(INPUT DATA):
□ □ □ □

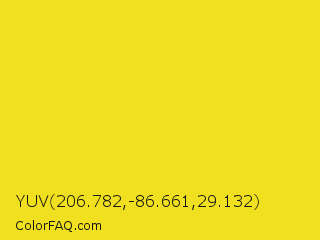 YUV 206.782,-86.661,29.132 Color is a normal yellow color and the nearest color is Ripe Lemon #f4d81c. Hex code #f0e01f and RGB value is rgb(240,224,31). In RGB color space, this color is composed of 94% red, 88% green, 12% blue, In CMYK color space, this color is composed of 0% cyan, 7% magenta, 87% yellow , 6% black , In HSL color space, this color has a hue angle of 55° , 87% saturation and 53% lightness.
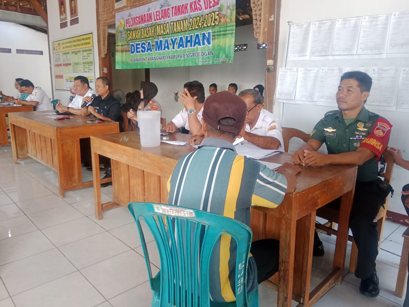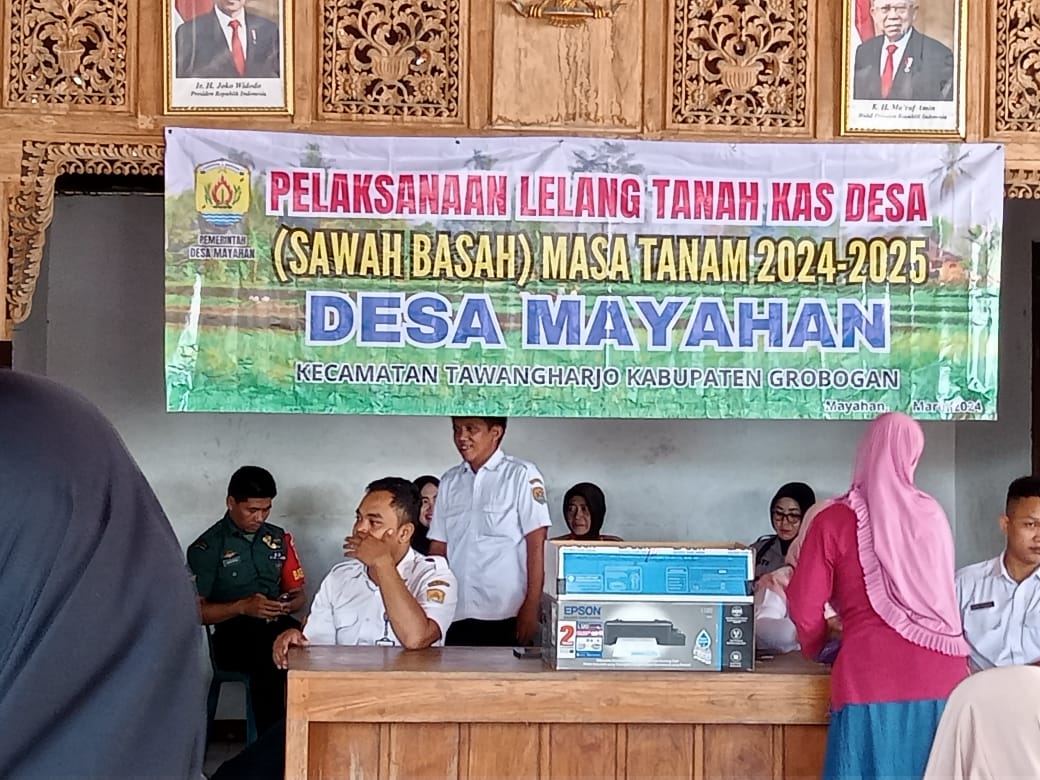 Rabu 20 Maret 2024. Pemantauan pelaksanaan kegiatan Lelang Tanah Kas Desa (Sawah Basah) Masa Tanam 2024-2025 Desa Mayahan di Pendopo Kantor Balai Desa Mayahan
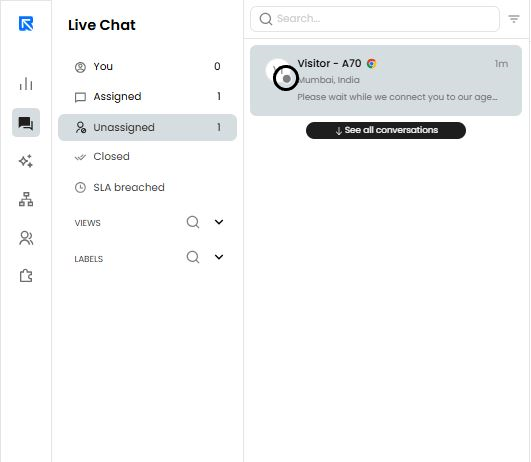 > A green dot signals that a visitor is actively engaged on the website with the bot , while a grey one indicates they have left. Keeping an eye out for those dots allows you to monitor your site's activity in real-time!
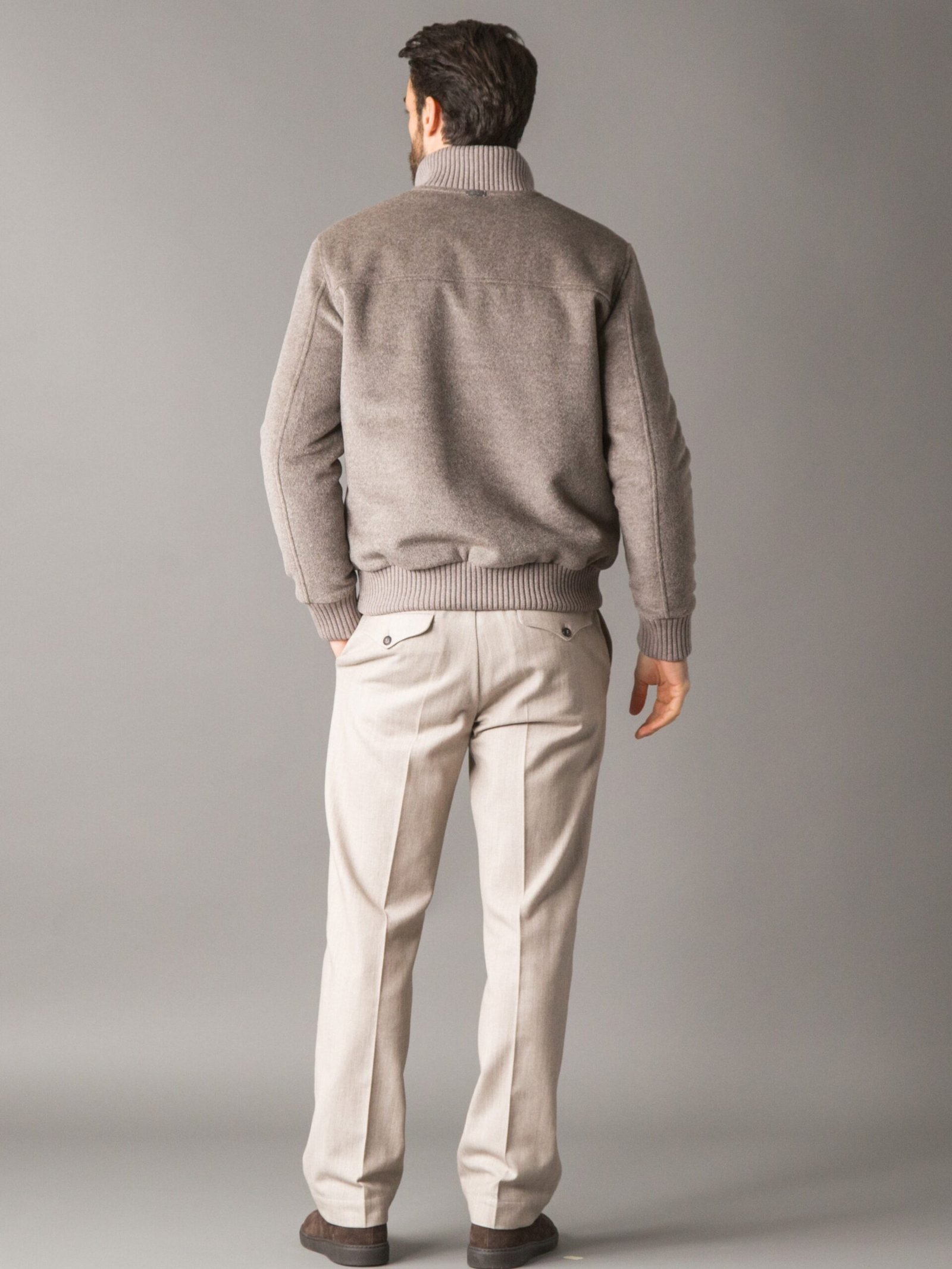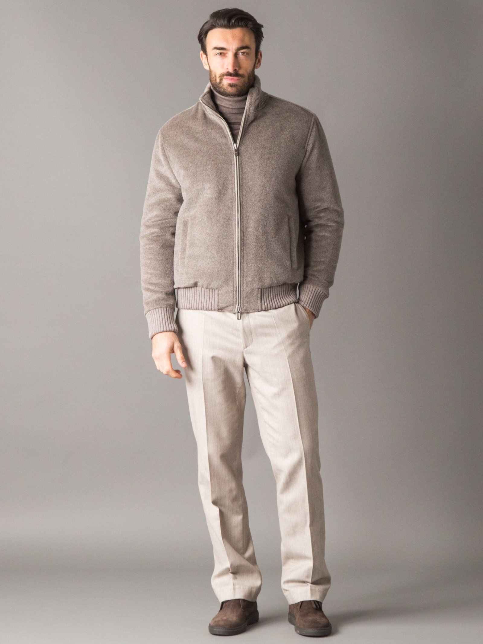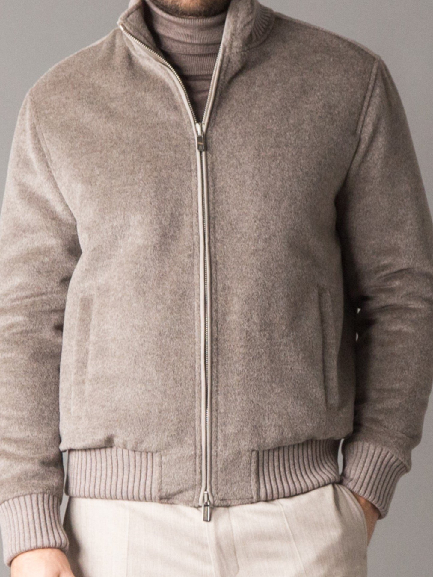 Bomber elegante e funzionale, realizzato in un caldo e pregiato velluto spazzolato di lana e alpaca, dalla texture morbida e avvolgente. I bordi di collo, polsi e fondo vita sono rifiniti in maglia Cashwool, per un tocco di comfort e raffinatezza. La zip frontale in metallo è impreziosita da profili in Micronabuk e doppi cursori logati. Completano il design due tasche laterali, una tasca interna sul petto e una placchetta logo in metallo sul retro del colletto. L’imbottitura in Climalight Ecowadding, poliestere riciclato ad alte prestazioni, assicura calore e leggerezza, mentre la fodera interna antivento in poliestere riciclato garantisce protezione e traspirabilità. Un bomber pensato per affrontare la stagione fredda con stile deciso e materiali d’eccellenza.

□ □ □ □

(EXERCISE AIM): With the pictures omitted, print each line of the data above precisely as given.

(SOLVED PROBLEM):
 YUV 206.782,-86.661,29.132 Color is a normal yellow color and the nearest color is Ripe Lemon #f4d81c. Hex code #f0e01f and RGB value is rgb(240,224,31). In RGB color space, this color is composed of 94% red, 88% green, 12% blue, In CMYK color space, this color is composed of 0% cyan, 7% magenta, 87% yellow , 6% black , In HSL color space, this color has a hue angle of 55° , 87% saturation and 53% lightness.
 Rabu 20 Maret 2024. Pemantauan pelaksanaan kegiatan Lelang Tanah Kas Desa (Sawah Basah) Masa Tanam 2024-2025 Desa Mayahan di Pendopo Kantor Balai Desa Mayahan
 > A green dot signals that a visitor is actively engaged on the website with the bot , while a grey one indicates they have left. Keeping an eye out for those dots allows you to monitor your site's activity in real-time!
 Bomber elegante e funzionale, realizzato in un caldo e pregiato velluto spazzolato di lana e alpaca, dalla texture morbida e avvolgente. I bordi di collo, polsi e fondo vita sono rifiniti in maglia Cashwool, per un tocco di comfort e raffinatezza. La zip frontale in metallo è impreziosita da profili in Micronabuk e doppi cursori logati. Completano il design due tasche laterali, una tasca interna sul petto e una placchetta logo in metallo sul retro del colletto. L’imbottitura in Climalight Ecowadding, poliestere riciclato ad alte prestazioni, assicura calore e leggerezza, mentre la fodera interna antivento in poliestere riciclato garantisce protezione e traspirabilità. Un bomber pensato per affrontare la stagione fredda con stile deciso e materiali d’eccellenza.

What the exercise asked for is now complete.